Direct and dependable access to native CATIA v4 files for data translation, viewing, rendering & animation.


Arrow Importing CATIA v4 3D Files

This geometry import converter imports and processes BREP solids-based CAD geometry files stored in the CATIA v4 native file formats.

The CATIA stand-alone program (made by Dassault Systèmes and distributed by IBM) is an integrated suite of Computer Aided Design (CAD), Computer Aided Engineering (CAE), and Computer Aided Manufacturing (CAM) applications for digital product definition and simulation. It allows manufacturers to simulate all the industrial design processes, from the pre-project phase, through detailed design, analysis, simulation, assembly and maintenance. CATIA is primarily used by the automotive and aerospace industries for automobile and aircraft product and tooling design (it is well known for being used by Boeing to design their massive airplanes, or NASA to help design the Space Shuttle). There are roughly 20,000 companies worldwide using CATIA with roughly 30,000 seats sold per year.

Notes:

  • If the file extension of your CATIA files end in ".CATPart", ".CATProduct" then these are CATIA v5 files and not CATIA v4. In such a case you will need to use the Okino CATIA v5 importer.

  • This is an optional add-on CAD module compatible with any Okino software.

  • ** IMPORTANT ** Spatial Corp. licenses its CATIA v4 licenses on a per-year basis (this is not an Okino policy), with extensions via the yearly maintenance fee. Each year the license has to be renewed via the yearly 'maintenance fee'. Okino personally contacts its users of the Spatial CATIA v4 converters at month 11 and just before month 12 to remind them of the pending maintenance renewal. If the maintenance is not renewed then the CATIA v4 license will expire. Spatial Corp. requires that the maintenance fee be paid yearly, starting with the initial purchase. If you let the maintenance payment lapse (and let the license expire as a result), then decide to start paying them again at some undetermined time in the future to re-start the license, a "re-instatement fee" will then be due to Spatial Corp.

  • This converter uses licensed components from Spatial Corp.

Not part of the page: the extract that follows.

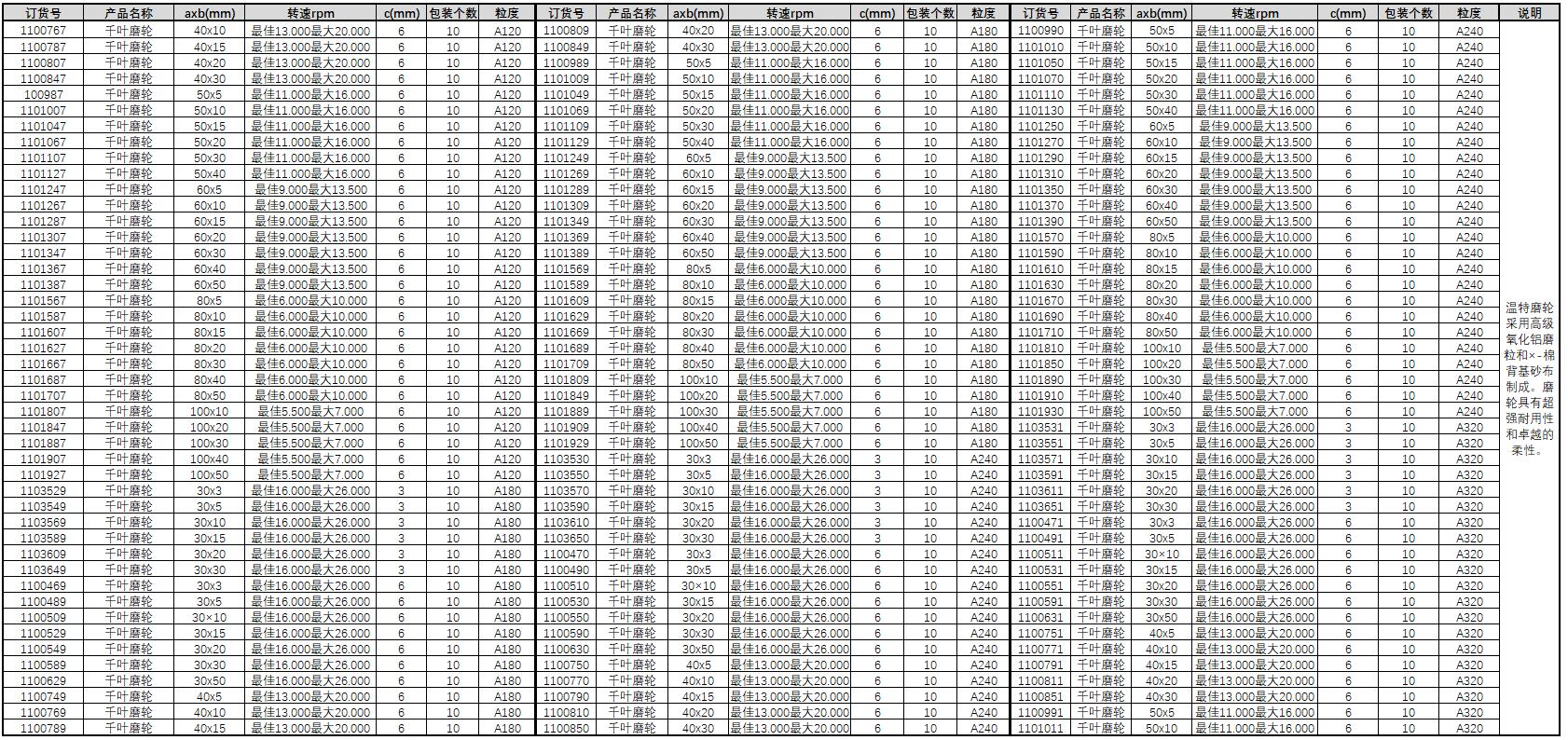 ·温特磨轮采用氧化铝磨粒和×-棉背基砂布制成。磨轮具有超强耐用性和的柔性。

If you encounter any problems loading a 3D model then please forward a problem report to support@okino.com and we will forward it to Spatial on your behalf.

Arrow Some Major Benefits of the CATIA v4 Importer

  • Based on the CATIA interoperability components of Spatial Corp, a company owned by Dassault Système (the developers and owners of the CATIA modeling software) and hence uses the highest quality conversion technology.

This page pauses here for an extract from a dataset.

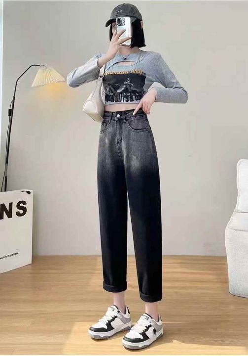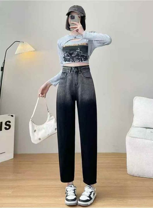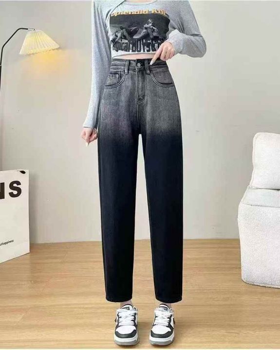 高弹力复古渐变牛仔裤女新款高腰黑色老爹牛仔裤377条...

  • Okino has been a trained Spatial developer since 1997, resulting in a top notch, refined and professional implementation of the Okino-CATIA importer.

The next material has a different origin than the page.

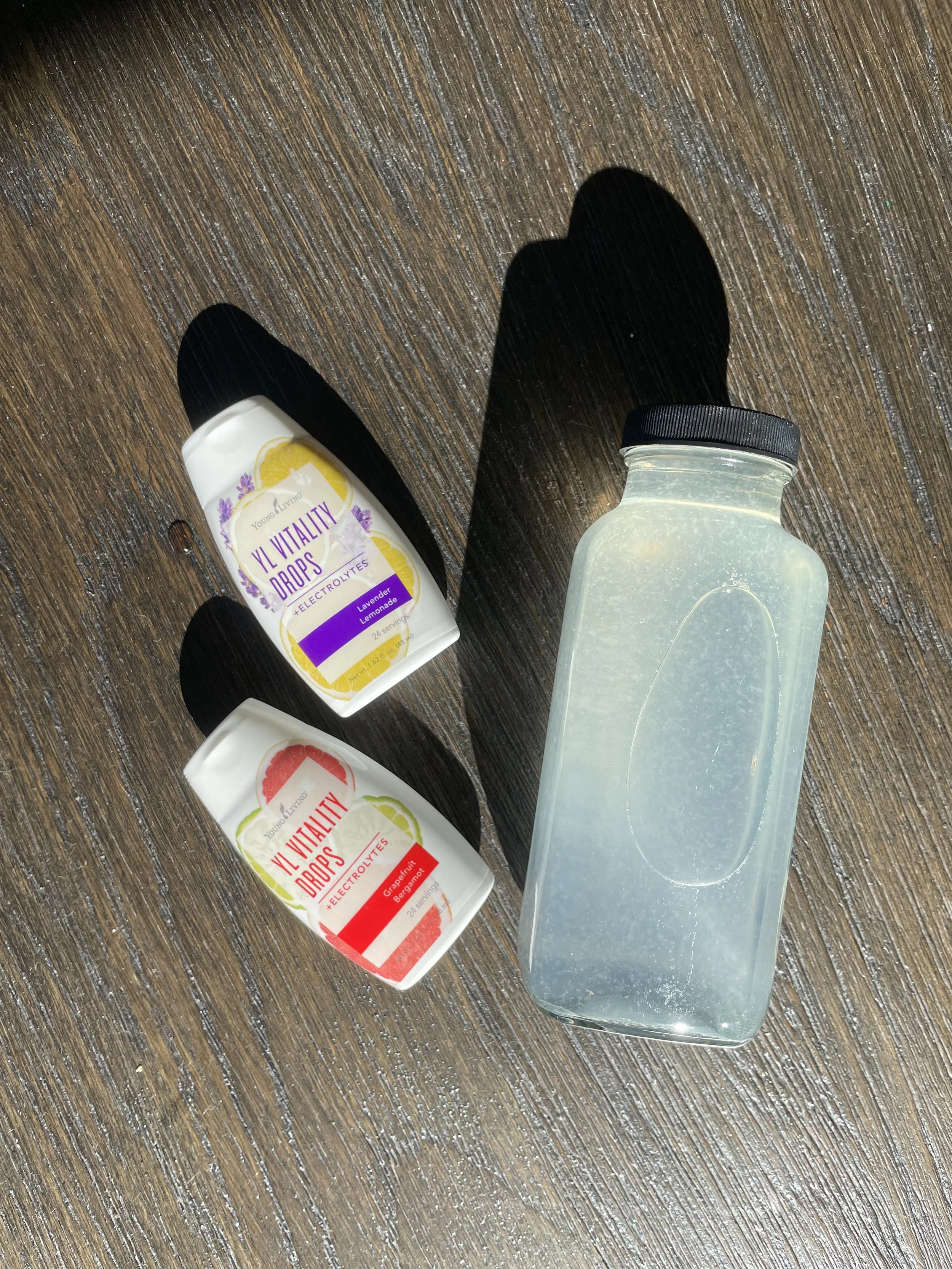 - 2-3 drops of flavored electrolytes – I love YoungLiving vitality drops flavored with essential oils and plant based ingredients, but you can buy a variety of electrolyte drops online or at the store

  • Supports CATIA v4 .model and .dlv (mainframe), .exp (export) and .session files. The .model files are generally used for one part files while .dlv and .exp files are used for multipart creation.

  • Many options to control the import of the data. Import by body, face, bodies + faces or bodies + shells + faces. This allows rendering materials to be applied at the finest granularity (faces) or the coarsest (bodies).

  • Extensive tessellation controls.

  • Model healing and erroneous surface repairs.

  • Selective layer import.

  • Importing via the CATIA "solids-based" file formats ensure that adjacent NURBS patches are "stitched" together via topology information (BREP data) and thus creates "crack free" tessellation when the NURBS or parametric solids are converted to a polygonal mesh.

  • Imports CATIA files directly into 3ds Max and Maya via the native PolyTrans-for-MAX and PolyTrans-for-Maya plug-in systems. These are by far the most refined, developed and best methods to directly import solids-based CAD files into 3ds Max and Maya. Also excellent conversion into Softimage|XSI, Newtek's Lightwave, MAXON's Cinema-4D and many other downstream 3D software packages and file formats.

  • The CAD importer includes a vital built-in Okino hierarchy/part optimization tool to reduce the complexity of the imported CAD files before re-exporting to other 3D animation packages and downstream file formats. This processing is particularly important when importing large CAD assemblies into Lightwave, 3ds Max and Maya.

Arrow File Extensions Supported

This importer recognizes the following CATIA v4 file extensions, from versions 4.1.9 up to 4.2.4 (or newer depending on the release of this importer):

  • .model or .dlv - CATIA mainframe files
  • .exp - CATIA export files
  • .session - CATIA session files

The .model files are generally used for one part files while .dlv and .exp files are used for multipart creation.

Some CATIA v4 files may not have any files extensions, so you might want to try and rename them to .model or .exp.

If the file extension ends in ".CATPart", ".CATProduct" or ".CATDrawing" then these are CATIA v5 files and not CATIA v4. In such a case you will need to use the Okino CATIA v5 importer.

Arrow CATIA Session Files

A CATIA Session file is a collection of CATIA V4 models. The session file contains reference to the .model files in the session. The session file can be saved using 4 options:

1. Save references only
2. Save copies of modified data
3. Save copies of all data
4. Save reference and update original data

Saving a session file inside CATIA using options 1 or 4 produces 1 session file only that has references to the model files of the session. Option 2 and 3 creates some additional session files that are actually modified model files.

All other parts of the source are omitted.